1. Being an order taker

This is the most common complaint I hear about and is usually seen amongst inexperienced PM’s.

Being an ‘order taker’ means that your PM will coordinate maintenance issues too robotically. When they receive the call from the tenant, they’ll turn to their default mode and just send someone, without finding out more first.

Why this can kill your returns: You may not actually need to send someone to fix, therefore you’re getting charged tradesperson call-out fees for no reason. $100+GST here and there a few times per year and say goodbye to any good returns you could’ve seen.

2. Not asking qualifying questions 

Further to point 1 above; it’s crucial that your PM is not just an order taker, and they ask questions to get to the heart of the issue before taking action.

Storytime: I heard of a property manager who received a call from the tenant saying they had no hot water. Turning to their default robotic self, they ended the call as quickly as possible and called a plumber.

Turns out, it was an electric hot water system (which the plumber told them when he got there). The PM then had to send an electrician to attend. So not only did the landlord needlessly have to pay the plumbers’ call-out fee, but the tenant had an additional wait before they had hot water again. 

Tut tut.

Your PM needs to ask questions before they act.

3. Not having a strong network

Having a strong network means that your PM knows and has prior experience with a handful of plumbers, electricians, handymen, appliance repair people etc. 

If your PM doesn’t have a strong network, then not only are they going to be unable to get you the best tradies at a negotiated rate, but it also means they’ll spend additional time trying to organise the repair. Meanwhile, your tenant has to live with the issue. This can make your tenant unhappy, which means you may lose a good tenant at the next renewal.

4. Not knowing the laws around who pays for what

Again continuing from the first point above; if your PM hears the word ‘leak’ and blindly sends a plumber at your expense, then you have an issue.

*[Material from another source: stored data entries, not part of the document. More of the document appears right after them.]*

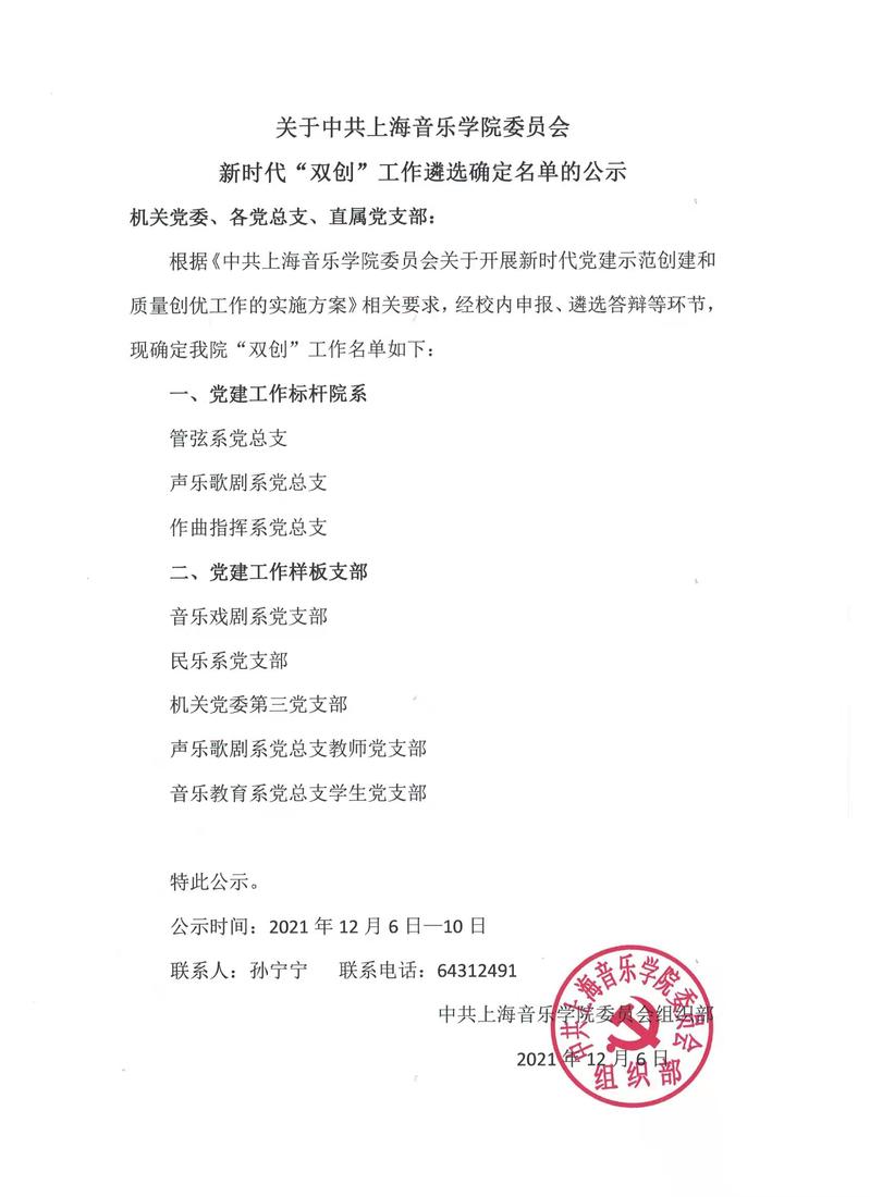 关于中共上海音乐学院委员会新时代“双创”工作遴选确定名单的公示
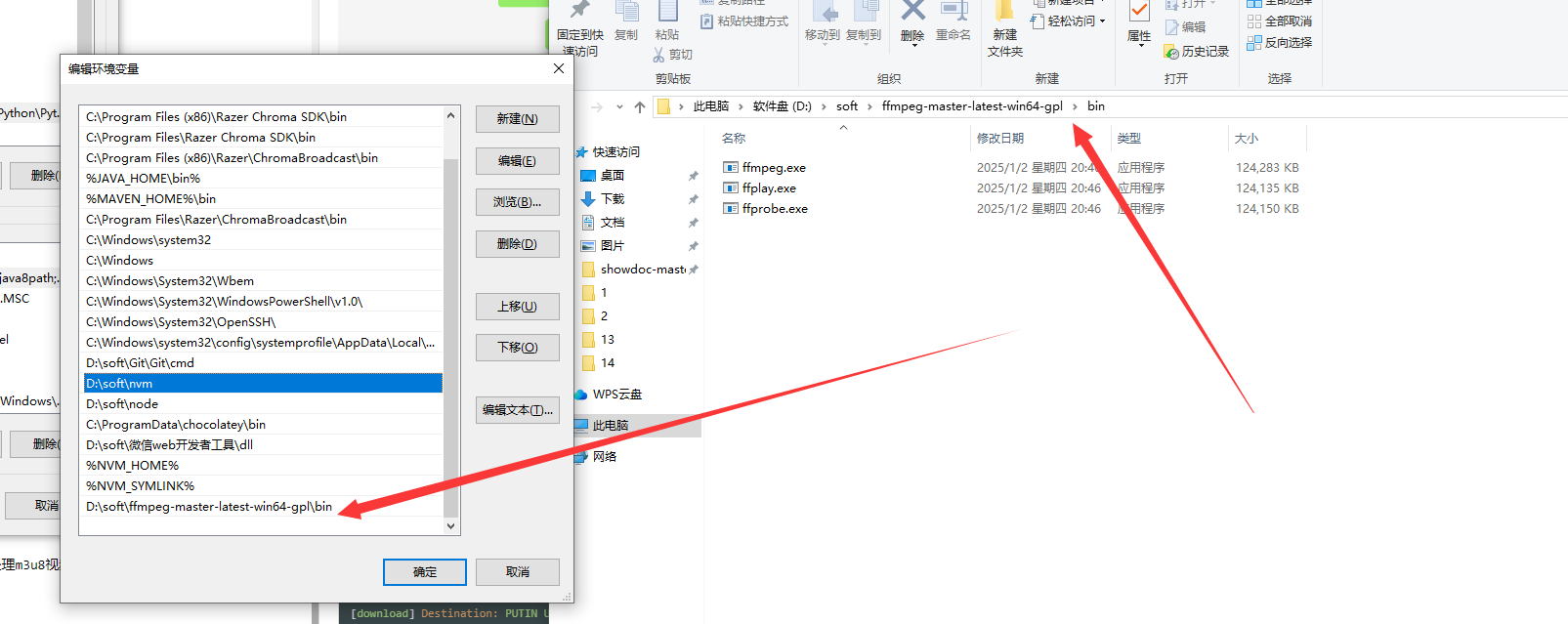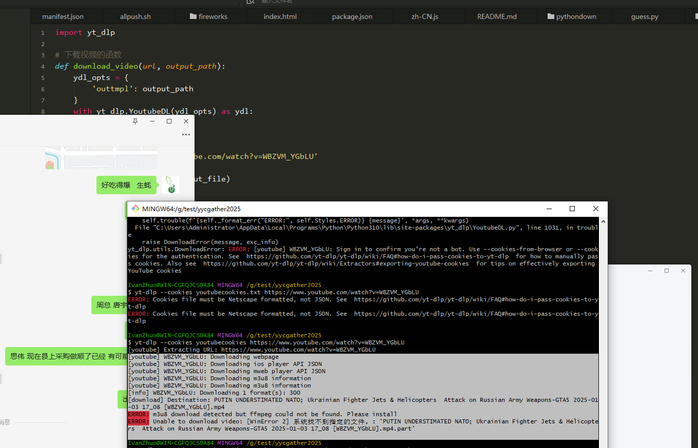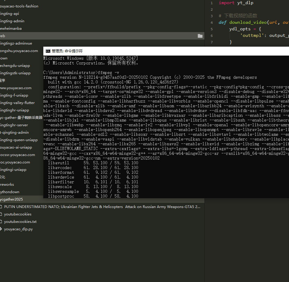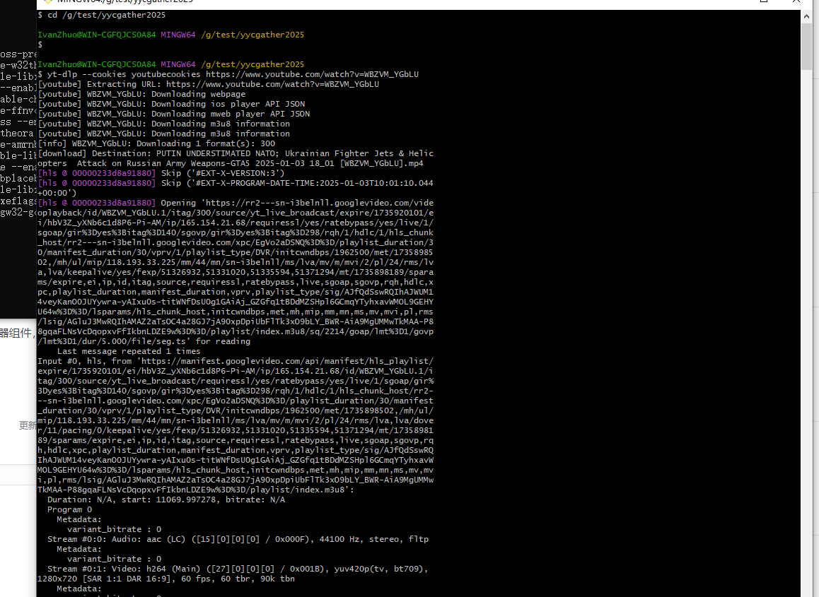 rs Attack on Russian Army Weapons-GTA5 2025-01-03 17_08 [WBZVM_YGbLU].mp4.part'继续报错,根据报错我们是因为m3u8 download detected but ffmpeg could not be found. Please install意思是没有ffmep来处理m3u8视频,因此下载出错
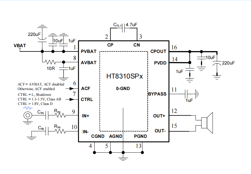 產(chǎn)品名稱:HT8310 電容式升壓功放 單聲道 5.2V AB/D類 完全替代CS4230E
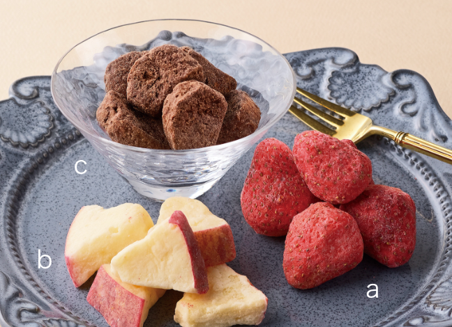 a.チョコいちご (100g)税込1,080円 b.チョコりんご (90g)税込1,080円 c.チョコばなな (90g)税込1,080円
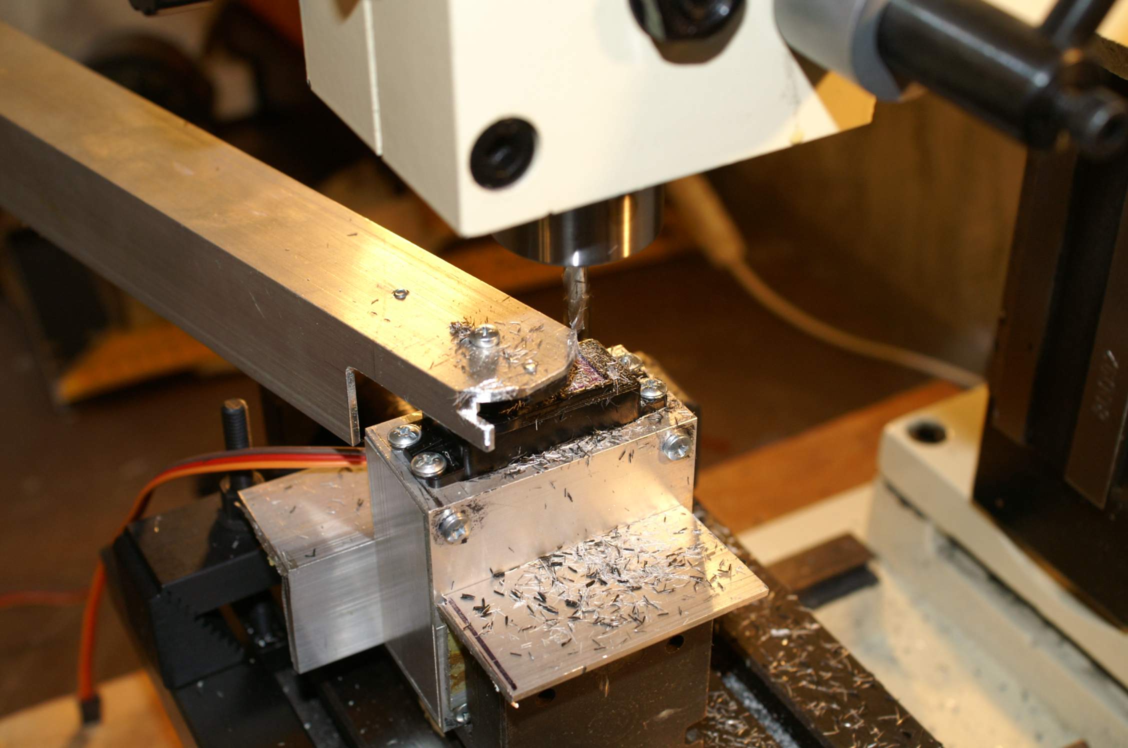 Крепление к качалкам пока на стадии обдумывания. Да и время уже поздно, всежтаки станочек (JET JMD-1) при фрезеровании тарахтит довольно громко.
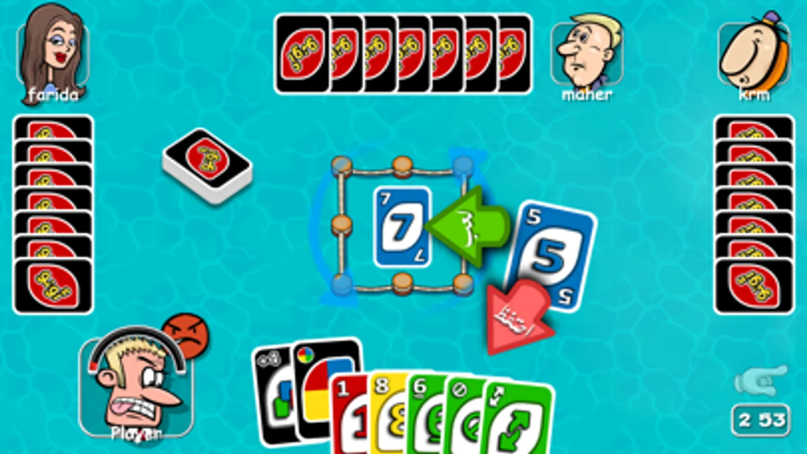 ابحث عن جواكر اوراق اللعب اثناء مباراة الاونو وامساكك شدة اونو
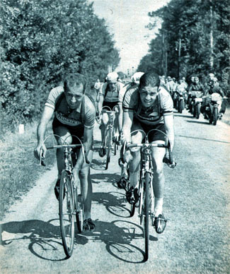 La bonne échappée file vers Le Mans. A gauche Lucien Lazaridès enlève les graviers de son boyau, à droite le futur vainqueur Martin Van Geneugden
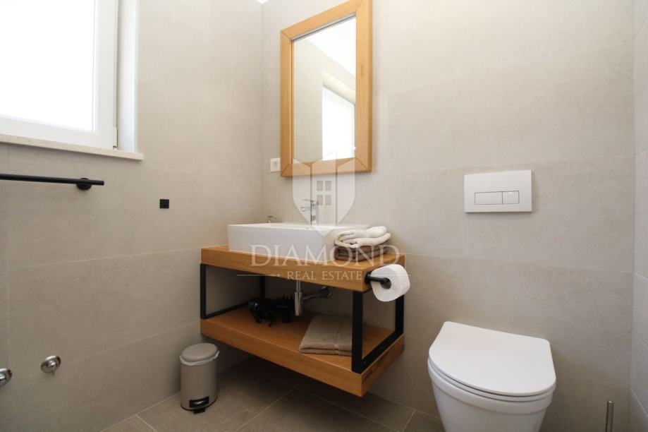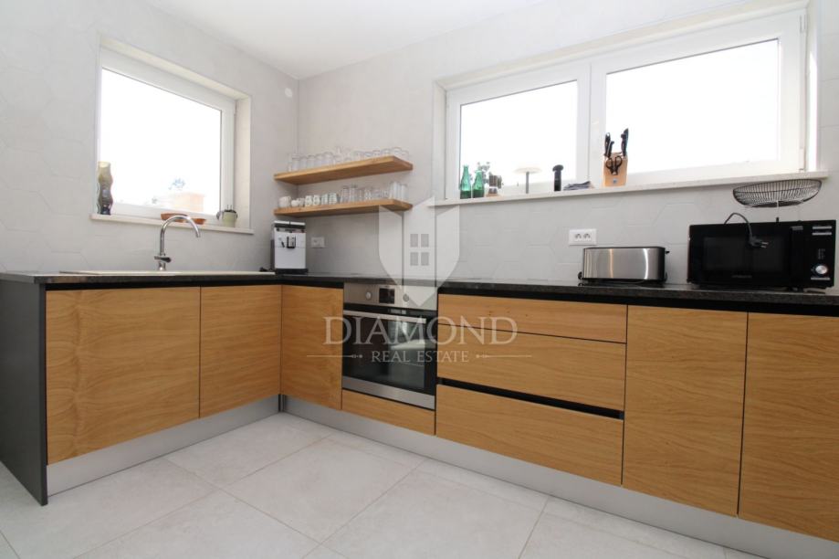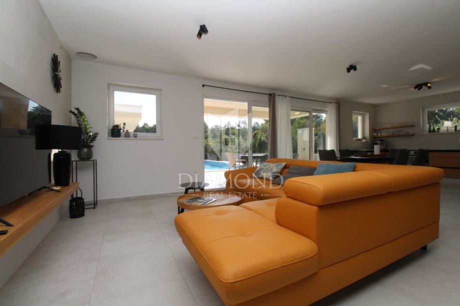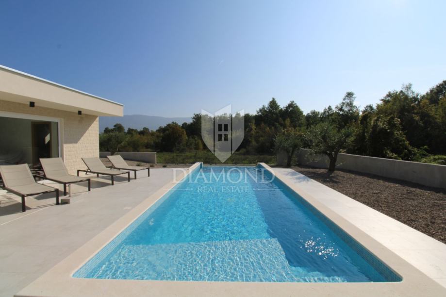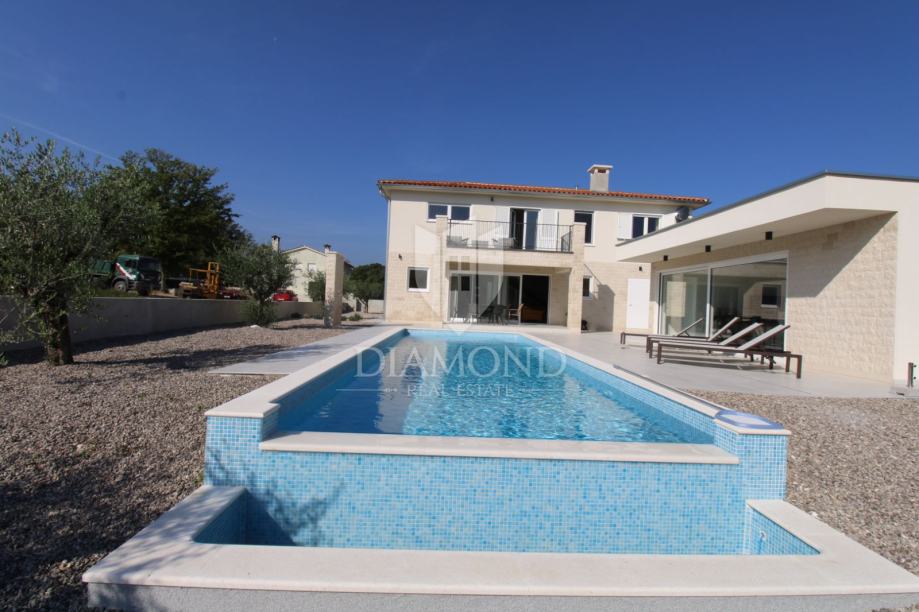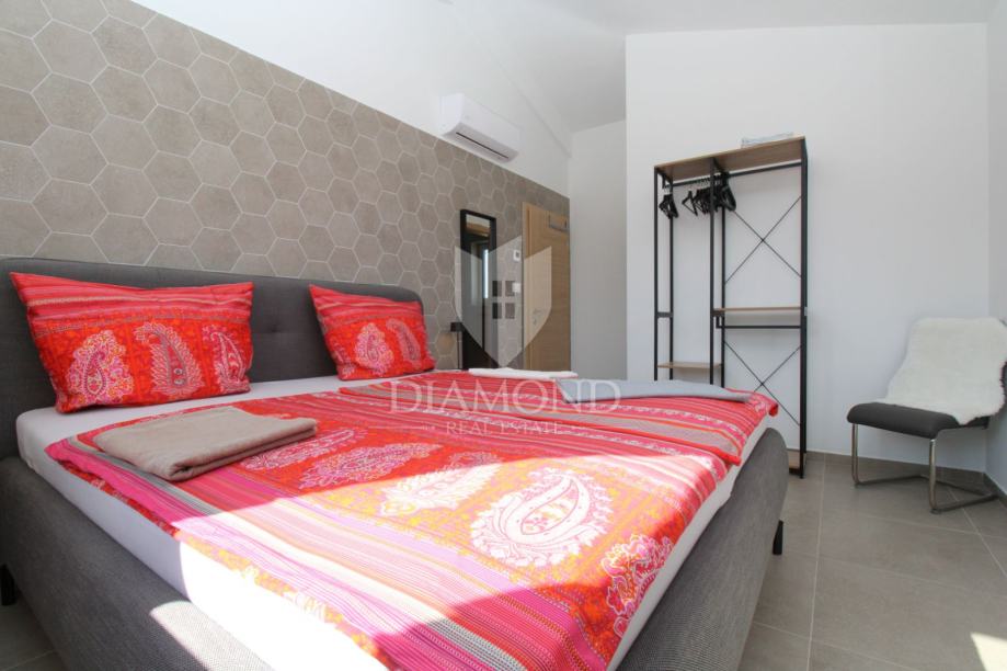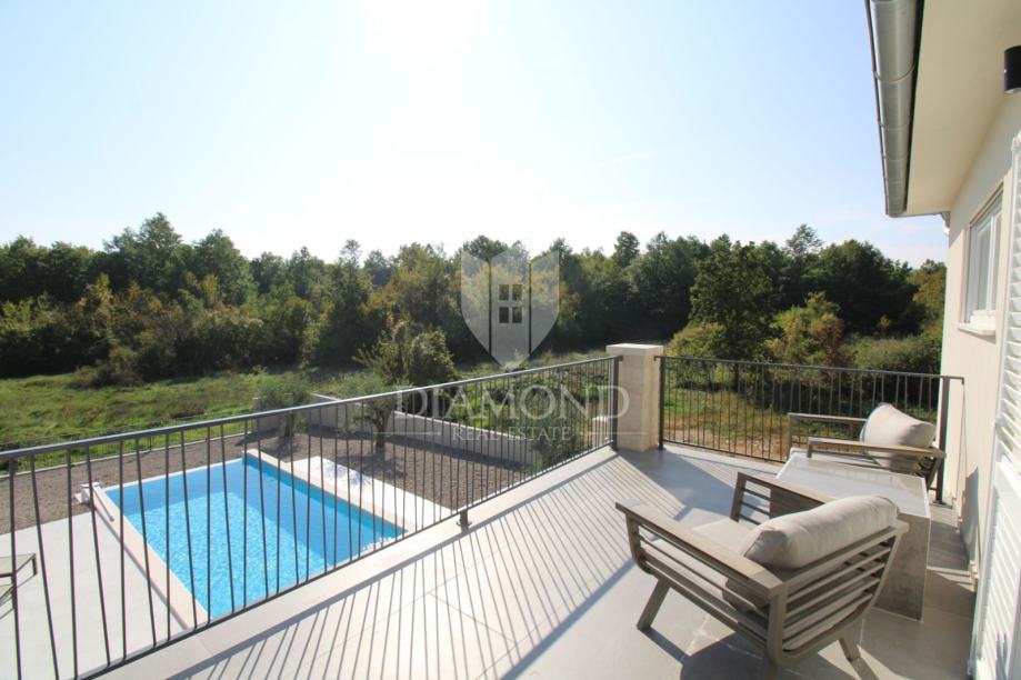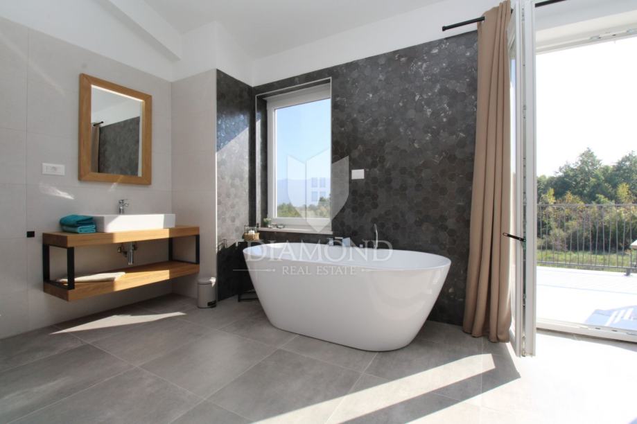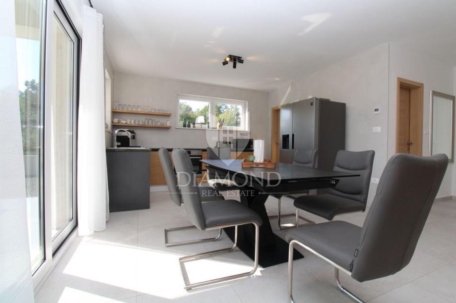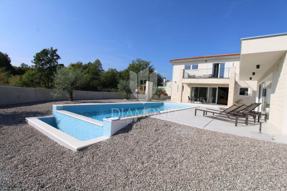 Na rubu manjeg naselja udaljenog od Labina 13 kilometara, prodajemo ovu novoizgrađenu kuću za odmor. Kuća je koncipirana kao katnica ukupne površine 180 m2. Kat predstavlja noćni dio sa tri spavaće sobe i tri kupaonice. Master spavaća soba ima i izlaz na balkon sa lijepim pogledom na bazen i okolno zelenilo. Prizemlje se sastoji od velikog, svijetlog prostora u koji je uklopljena potpuno opremljena kuhinja, blagovaonica i komforan dnevni boravak sa velikim staklenim stijenama kao poveznicama sa vanjskom terasom i plažom bazena. U prizemlju se nalazi i jedan gostinjski toalet te ostava. Interijer je modernog dizajna sa udobnim i funkcionalnim namještajem. U svakoj prostoriji postavljen je klima uređaj a kuća ima i podno grijanje. Postoji mogućnost i ugradnje peći u dnevni prostor.

For example, if you own a strata-titled property, your PM needs to know what is your responsibility to repair, and what is the body corporate’s responsibility. 

Or is the issue due to negligence or damage on the tenant’s part, making it their responsibility to repair?

Again, the PM’s incompetence by not digging deeper could end up costing you.

5. Not knowing the tax laws behind repairs and maintenance

Specifically, the difference between repairs and replacements.

A repair is when you return the object back to its original condition. And (no-brainer): A replacement is when you replace the said object with another, new object.

A repair is tax deductible in full, a replacement is tax deductible over a number of years due to current tax depreciation laws.

Therefore, it’s best to schedule repairs before June 30th so you can claim the tax straight away, and it’s better to organise replacements after July 1st, so you don’t ‘waste’ a year of depreciation.

Sometimes it won’t work out this way but every now and then it may save you some tax.

6. Not communicating well throughout the process

As mentioned at the beginning of this article, 82% of complaints about PM’s come from a lack of communication and maintenance.

Not being kept in the loop with an important maintenance issue can be incredibly stressful and frustrating. 

Whilst it may not kill your monetary returns, a lack of communication can definitely kill your peace of mind.

Wrapping up

So how does your property manager stack up? Could they be needlessly costing you a few hundred bucks every year, which could be much better spent hacking away at your mortgage?

If so, perhaps it’s time you made a change - which is simpler than you think.

To your property management success.